Traditional moral norms have been undermined by the very institutions that provided continuity and protection in the past — including schools and churches. Schools (even religious schools), which in earlier times helped parents transmit not only information on academic subjects, but also social values and moral and ethical principles, now often work against parents instead of supporting them. 

Churches, too, were a reliable source of guidance, not only for religious belief and doctrines, but also for inculcating moral and ethical principles and protecting the expected norm for responsible behavior toward others. However, churches have frequently capitulated to the “progressive” impulse, which regards such norms and traditional principles of human conduct as oppressive leftovers from a patriarchal age. Some religious leaders actively promote attitudes that are actually destructive, all in the name of “progress” and “justice.” 

In addition to the lack of support from its former allies, families are further weakened by confusion and indecision.  Parents increasingly lack confidence in themselves to exercise their responsibility in the formation and education of their own children.  They have come to rely heavily on experts — psychologists, educational theorists, and other professionals who are constantly telling mothers and fathers how they may damage their children in various ways by transmitting onto their offspring their own “rigid” beliefs and “outmoded” attitudes.

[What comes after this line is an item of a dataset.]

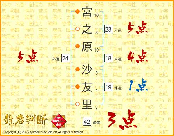 宮(10画)之(3画)原(10画) 沙(8画)友(4画)里(7画)

Undermined from all sides, confused about what they should be doing and weakened further by their own indecision and the “natural” resistance of their children, too many parents have withdrawn from any sustained attempt to take an active role in the moral formation of their children.  Parents have been taught to avoid interfering with the natural development of their children and of imposing “guilt-inducing morality” on them. For this reason the pope emphasizes the primary responsibility of parents in the education of their children.  He does not hesitate, either, to say that exercising this responsibility will involve difficulties and personal sacrifice.  But he also offers fathers and mothers the support they need for their difficult primary task by assuring them that this is, in fact, their vocation and their mission. Their responsibility is also their right.

The right and duty of parents to give education is essential, since it is connected with the transmission of human life; it is original and primary with regard to the educational role of others, on account of the uniqueness of the loving relationship between parents and children; and it is irreplaceable and inalienable, and therefore incapable of being entirely delegated to others or usurped by others.” (FC §36)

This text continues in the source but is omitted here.